Robert skips air through his teeth. He makes a face that Marion doesn’t see, that he doesn’t want her to see.
“But that’s just the beginning. I found I was sort of OK when I wasn’t around him. But with him I get the strange feeling that he’s part of something bigger. Robert, do you remember all those people who drowned last winter, all those snowmobile accidents?”
“Yeah, of course.”
“Well, he wanted them to die.”
“Hmmm?”
“He said they’d die before it started happening.”
“Hmmm.”
“Do you remember the name Al Glindy?”
“No.”
“Well, Al Glindy drowned sometime in February. And the night before it happened Barry said Al was going kill himself.”
“Right.”
“Anyway, if you rearrange the letters in the name Al Glindy it spells ‘all dying.’”
“Does it?”
“Yes, it does. After that Barry started talking about all kinds of crazy things. How the anti-Christ was teaching piano in Newmarket. All kinds of crazy things. I struggled not to believe him, but, like I said, I felt like I was arguing, struggling with myself. Then one morning I stepped into the kitchen and he looked over his paper and his face was made of aluminum — shiny and silver. And he was laughing. Oh God, I just screamed and ran out. To the car. Right here. And I haven’t moved since.”

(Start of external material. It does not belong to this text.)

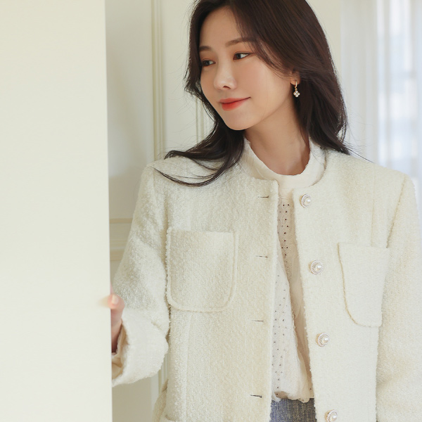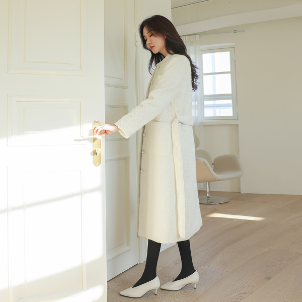 Feminine Mood Pearl Buttons Tweed Wool Long Coat(quilted lining)

“Uh, Marion. Wow. That’s quite a story. You, uh, you don’t actually believe it though, do you?”
“Well, I believe it less out here. But still, I feel very shaky. I don’t trust myself to talk to people.”
“You’re talking to me aren’t you?”
“Yes. But, Robert, I have to tell you. I’m aware that you brought him here.”
“Huh?”
“When you were talking earlier I saw him in the rearview mirror, and I saw you whisper something to him. When you dropped the visor, there. When you pretended to fix your hair. I saw you signal to him.”
“I didn’t Marion.”
Marion is becoming agitated and she pulls hard at the bottom of the steering wheel.
“Yes you did, Robert! Yes you did!”
“Marion, that’s crazy.”
“Crazy? Crazy? I let you be crazy! I let you.”
Marion slaps the Mayor on the arm and begins pumping furiously at the gas and brake pedals.
“I just want somebody to let me be crazy for a second! Why is it so goddamn important that Barry isn’t hiding in my glasses?”
The Mayor is frightened and he folds his arms to protect himself.
“I let you have your scary shit, Robert. I let you have it.”
Marion has broken down. She sobs with her forehead hanging off the top of the steering wheel.
“Oh God. OK Barry. OK, I’ll come home.”
Robert reaches his hand across Marion’s back, as much to console her, though he is repulsed by her, as to prevent her from suggesting again that she — that he — should go home.
Marion opens her eyes and through tears she can see three men, in heavy robes, climb down off their camels. The one in the lead turns his back to her and points upward. She looks into the sky and sees what he sees.
A long luminous coffin is hanging at an angle against the stars. Just above it, like a headstone, is a tall, sleek 80. Marion concentrates on the bottom loop of the 8 and finds that it has depth, a smooth valley or riverbed that runs deep beneath the stars. She places her foot on the edge. It is firm, so she stands up inside it, looking over her shoulder to an image of Robert that is distant and flowing, scattering across a faraway field of light, an aurora borealis. She walks toward the end of the wide gully and, as the moon peeks above her head, a yellow pearl in the cross of the 8, she feels that all the time and all the space in the world have fallen and left her here. Here, with two arms and two legs and a tickle in her throat that she coughs to clear.